Our objective today is to construct a model of individual wages

$$
w = f(X) + u 
$$

where w is the  wage, and X is a matrix that includes potential explanatory variables/predictors. In this problem set, we will focus on a linear model of the form

\begin{align}
 ln(w) & = \beta_0 + \beta_1 X_1 + \dots + \beta_p X_p  + u 
\end{align}

were $ln(w)$ is the logarithm of the wage.

To illustrate I'm going to use a sample of the NLSY97. The NLSY97 is  a nationally representative sample of 8,984 men and women born during the years 1980 through 1984 and living in the United States at the time of the initial survey in 1997.  Participants were ages 12 to 16 as of December 31, 1996.  Interviews were conducted annually from 1997 to 2011 and biennially since then.  

Let's load the packages and the data set:

In [None]:
# install.packages("pacman") #run this line if you use Google Colab

In [None]:
#packages
require("pacman")
p_load("tidyverse","stargazer")

nlsy <- read_csv('https://raw.githubusercontent.com/ignaciomsarmiento/datasets/main/nlsy97.csv')

nlsy = nlsy  %>%   drop_na(educ) #dropea los valores faltantes (NA)

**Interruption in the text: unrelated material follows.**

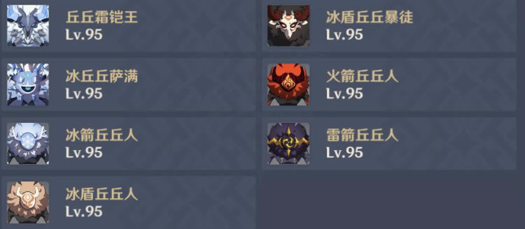 有个冰铠王和冰盾丘丘人,建议带个火。 小怪多,建议带一个风系聚怪。 第二间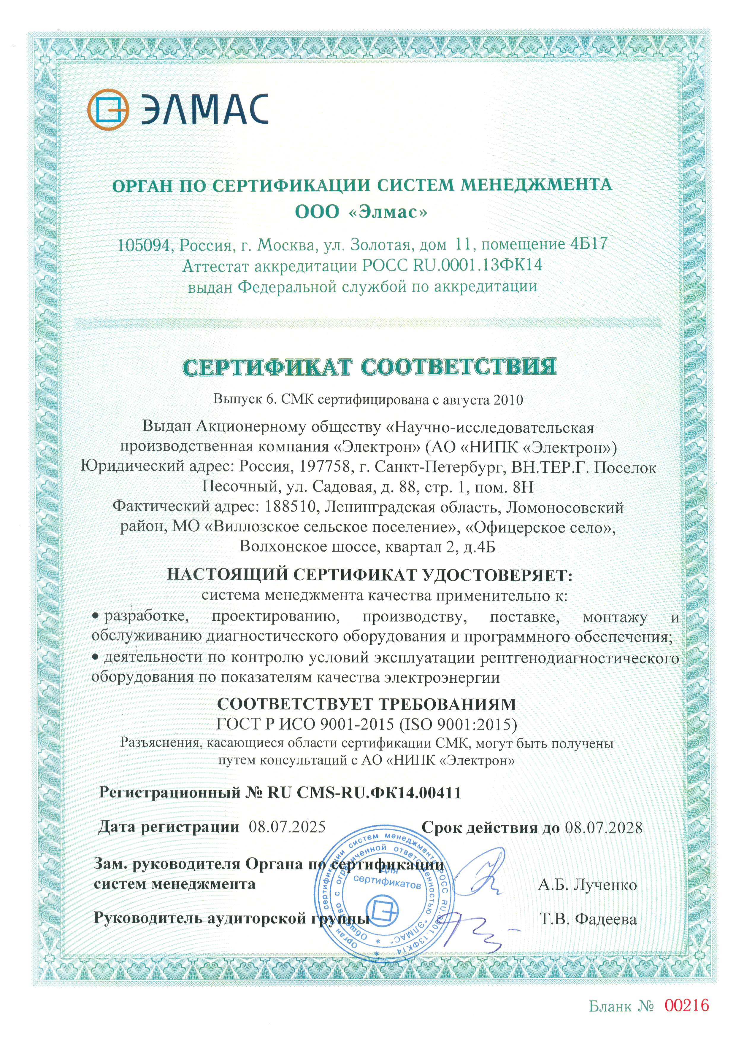 Наличие сертифицированной системы менеджмента качества подтверждается на ежегодных аудитах, проводимых сертификационным органом ООО «ЭЛМАС».

We want to construct a model that predicts well out of sample, and we have potentially 994 regressors. We are going to regularize this regression using Ridge.

## Ridge

We first illustrate ridge regression, which can be fit using glmnet() with alpha = 0 and seeks to minimize

$$
\sum_{i=1}^{n} \left( y_i - \beta_0 - \sum_{j=1}^{p} \beta_j x_{ij}    \right) ^ 2 + \lambda \sum_{j=1}^{p} \beta_j^2 .
$$

Notice that the intercept is not penalized. 

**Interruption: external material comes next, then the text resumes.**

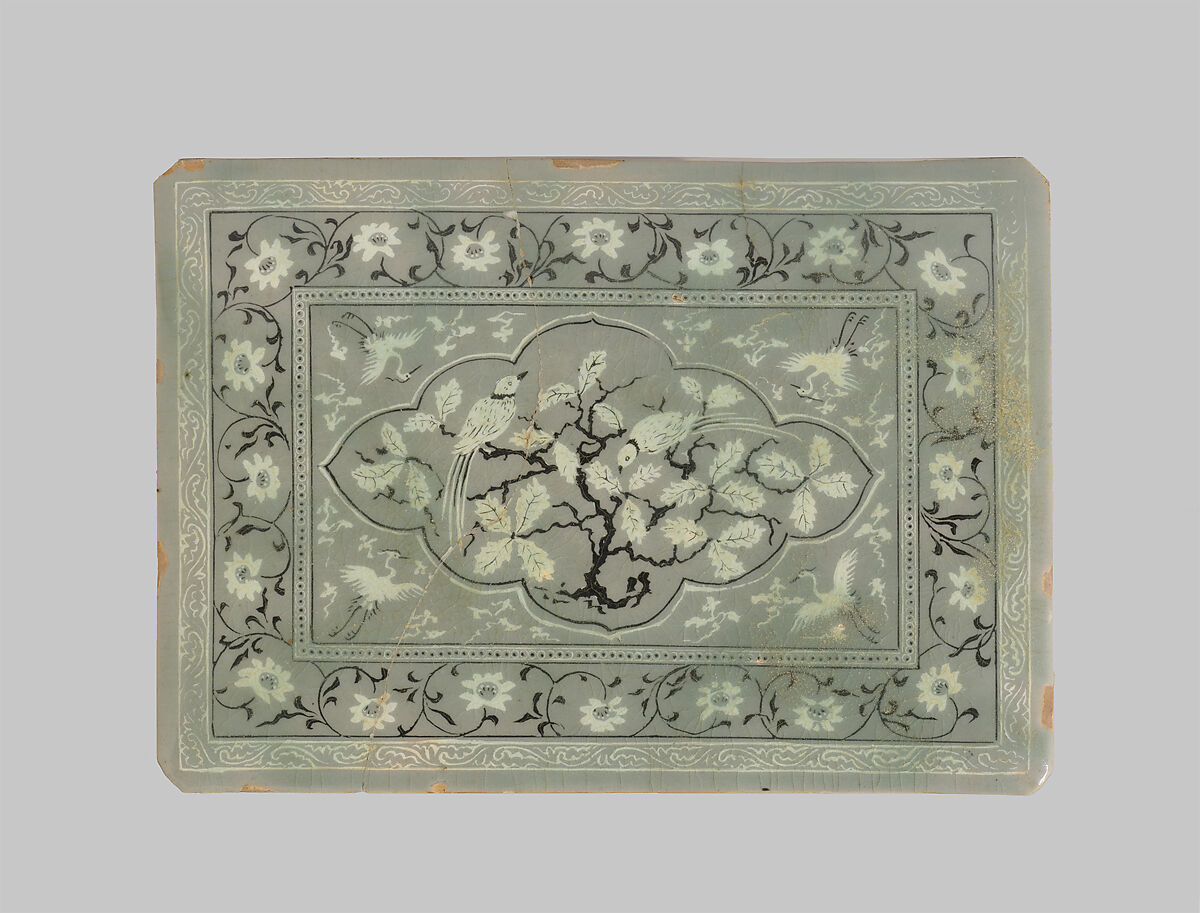 - 청자 상감 새 나무 꽃 무늬 판 고려

Ridge penalizes the squares  of the coefficients. As a result, ridge shrinks coefficients toward zero, but not all the way.

We are going to use Glmnet. Glmnet is a package that fits generalized linear and similar models via penalized maximum likelihood. The regularization path is computed for the lasso or elastic net penalty at a grid of values (on the log scale) for the regularization parameter lambda. The algorithm is extremely fast!

In [None]:
p_load("glmnet")

In [None]:
# Matrix of predictos (all but lnw_2016)
X0 <- as.matrix(nlsy  %>% select(-lnw_2016))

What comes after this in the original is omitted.